One day word will get out that you have become the resident IDA geek. You may relish the fact that you have hit the big time, or you may bemoan the fact that from that day forward, people will be interrupting you with questions about what some file does. Eventually, either as a result of one such question or simply because you enjoy using IDA to open virtually every file you can find, you may be confronted with the dialog shown in Figure 18-1.
This is IDA’s standard file-loading dialog with a minor problem (from the user’s perspective). The short list of recognized file types contains only one entry, Binary file, indicating that none of IDA’s installed loader modules recognize the format of the file you want to load. Hopefully you will at least know what machine language you are dealing with (you do at least know where the file came from, right?) and can make an intelligent choice for the processor type, because that is about all you can do in such cases.
In this chapter we will discuss IDA’s capabilities for helping you make sense of unrecognized file types, beginning with manual analysis of binary file formats and then using that as motivation for the development of your own IDA loader modules.

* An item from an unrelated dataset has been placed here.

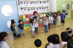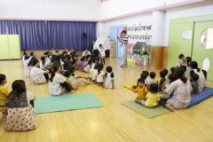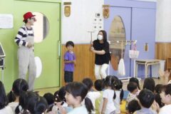 最後は見に来ていただいたおうちの方にも手伝ってもらい、皿回しリレーの成功です。
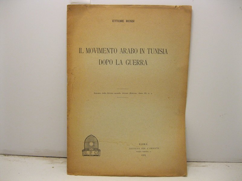 Il movimento arabo in Tunisia dopo la guerra. Estratto dalla Rivista mensile Oriente moderno, anno III, n.4 | Libri antichi e moderni | Rossi Ettore

An infinite number of file formats exist for storing executable code. IDA ships with loader modules to recognize many of the more common file formats, but there is no way that IDA can accommodate the ever-increasing number of formats in existence. Binary images may contain executable files formatted for use with specific operating systems, ROM images extracted from embedded systems, firmware images extracted from flash updates, or simply raw blocks of machine language, perhaps extracted from network packet captures. The format of these images may be dictated by the operating system (executable files), the target processor and system architecture (ROM images), or nothing at all (exploit shellcode embedded in application layer data).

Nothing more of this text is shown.